The sentimentality of those pieces primarily allowed me to imagine the relationship between my Grandfather and Isobel, my Grandmother, while a more contemporary ambient score is used when Norman appears on the frontline in the heat of battle. 

Your show had a brief run in Belfast with key elements including filmed inserts from Northern Ireland Screen’s Digital Film Archive. Did you always plan for archive footage to be used to illustrate Norman’s story?

I always had the feeling that video design would be an important element of the production.

The Northern Ireland Screen Digital Film Archive is an incredible moving image record of N Ireland’s history from 1897 to the present day. It’s free to access, and NI Screen is open for the archives to be used in creative ways.

I felt this play was perfect for that. The NI War Memorial Museum gave me support to bring a video designer on board and NI Screen supported me with access to the archive as well as connecting me with the Imperial War Museum for similar access to their records.
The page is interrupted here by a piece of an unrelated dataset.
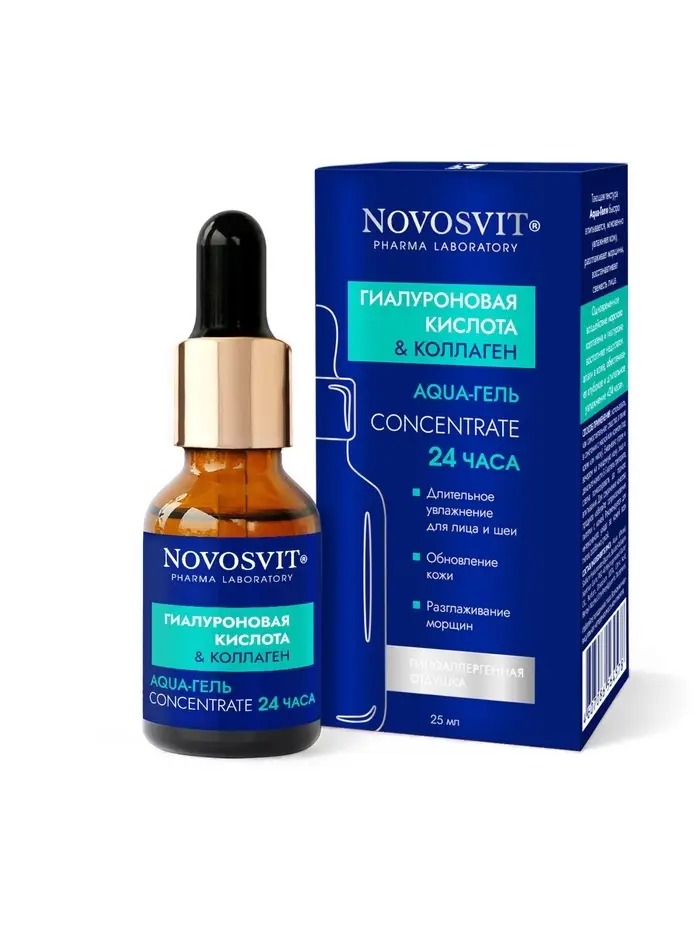 Аква-гель 24 часа NOVOSVIT гиалуроновая кислота и коллаген, 100 мл
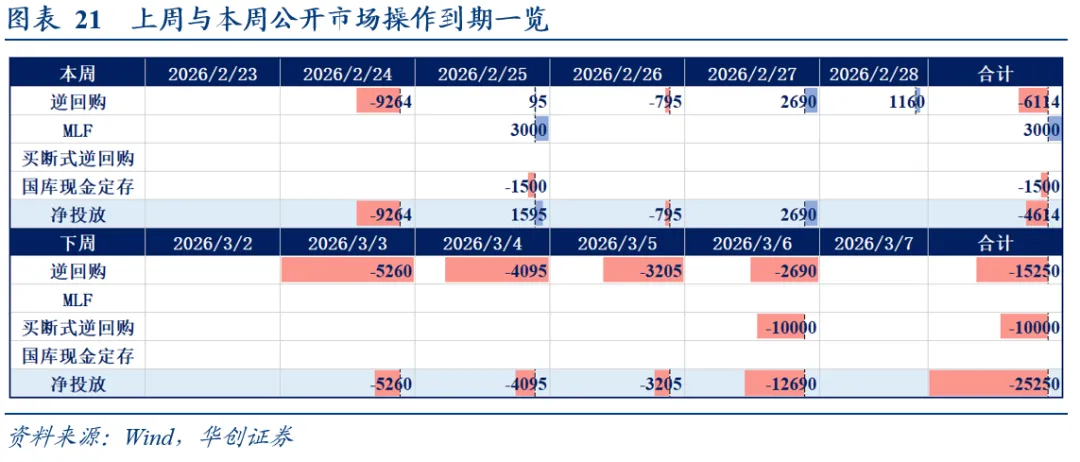 截至2月28日,DR001收于1.3189%,DR007收于1.5034%,R007收于1.5074%,较2月14日环比分别变化+0.68bps、+18.23bps、+16.27bps。本周净回笼资金4614亿,下周到期资金25250亿。

The video design has been essential in the staging of the play and in the show’s journey to Edinburgh, really placing audiences on the battlefield with Norman. 
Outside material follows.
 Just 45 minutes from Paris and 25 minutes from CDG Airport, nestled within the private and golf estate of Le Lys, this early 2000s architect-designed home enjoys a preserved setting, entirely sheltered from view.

2 thoughts on “Edinburgh Fringe preview: How To Bury A Dead Mule

  1. My uncle Norman was a highly intelligent man . a thoughtful kind man who never missed Christmas visits to our home in Banbridge with little gifts I loved to see him and listen to his wisdom and advice in between his mind wondering unto issues with government and the royal family , this changed my views on Royalty forever , Norman Clements represented true Royalty fought for his country and suffered a fate worse than death the lucky ones suffering ended on the battlefield, Uncle Norman suffered for 70 years in between his lovely smile that I can see yet one could see the torment in his eyes , Richard captured the mind of Norman thanks to him the story tells the horrors of war and the long term suffering that drags on for the people that where sucked into it ,

  2. As a veteran of 42 years and having been involved in near every conflict since the Falklands war. This portrayal of this veterans experienced was both harrowing and heartwarming ish! In as much of what was so emotionally delivered captures our journeys. Well at least the continuation of conflict many of us experience long after the shooting has ceased. If I had such a grandson I would feel blessed.